Wallace stood as a symbol for two things in the Cabinet: As the advocate of go-soft-with-Russia tactics, and as the last governmental spokesman of New Dealism, which was based on a policy of keeping the support of the labor bureaucrats through limited concessions.

Like a number of businessmen, chiefly small businessmen, Wallace believes that it is easier to make a deal with Stalin through “soft” methods. This deal, he proposes, should include political collaboration with the Stalinist bureaucracy, economic aid, a substantial loan, etc.

In return for these concessions Wallace thinks a truce could be reached with Stalin, recognizing his “sphere of influence” and leaving the rest of the world to the tender mercies of American imperialism and thus averting or postponing war. Such was the proposal put forward in Wallace’s Madison Square Garden speech and in his July 23 letter to Truman which was published after the first public flurry.

Public Threat

But the decisive section of the American ruling class and its servants in the White House and at the Peace Conference openly reject such a tactic. And they have kicked Wallace out to tell the whole world – and especially the European powers they are lining up against the Soviet Union – that now is not the time for half-measures or compromises.

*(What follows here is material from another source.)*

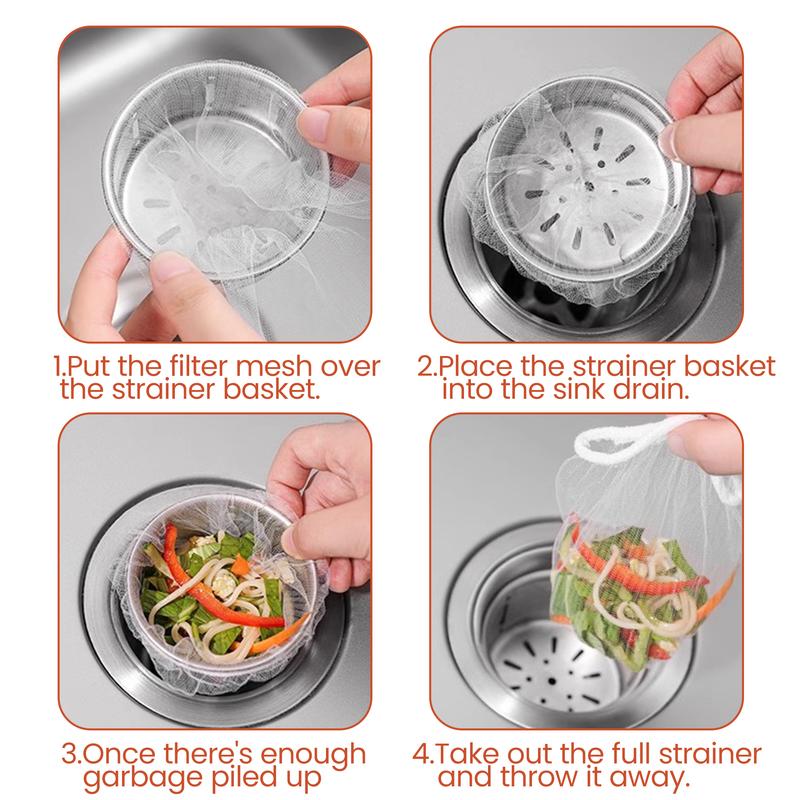Este filtro de drenaje para fregadero estå exelente son desechables bolsitas de malla también tienen capacidad de estiramiento lo cual me encantó

The removal of the advocate of “peace” with the Soviet Union is, under present conditions, equivalent to a public threat to resort to war.

This becomes even clearer from a consideration of the circumstances surrounding Wallace’s ouster. Important elections will take place in just a few weeks. Wallace, wearing the New Deal mantle, was counted on to swing labor votes to the Democratic Party.

Nevertheless, when Truman was placed in a position where he had to back up Wall Street’s get-tough tactic, he acted decisively, even if it meant yielding up an important section of the labor vote. The Truman administration places the interests of American capitalism as a whole above even the immediate needs of the Democratic Party. Better to take the risk of losing an election, Truman figured, than to jeopardize the war program.

The break with Wallace has its own logic on the home front. A government which is planningwar has to prepare to crack down on the masses if it is to regiment them for the war machine. The administration has been moving cautiously to the right – but in stages, because of election needs. Having been driven to a break with Wallace and his faction in the ruling class sooner than anticipated, the Truman Administration’s course from now on will tend steadily and faster to the right.

The Wallace dismissal is thus a warning to the labor movement that Wall Street’s war program is not a long-term program, but one that can plunge the country into war in short order. In the light of this grim reality, it is imperative for the organized labor movement to immediately launch the struggle against imperialist war and against the anti-labor measures that come with a war program.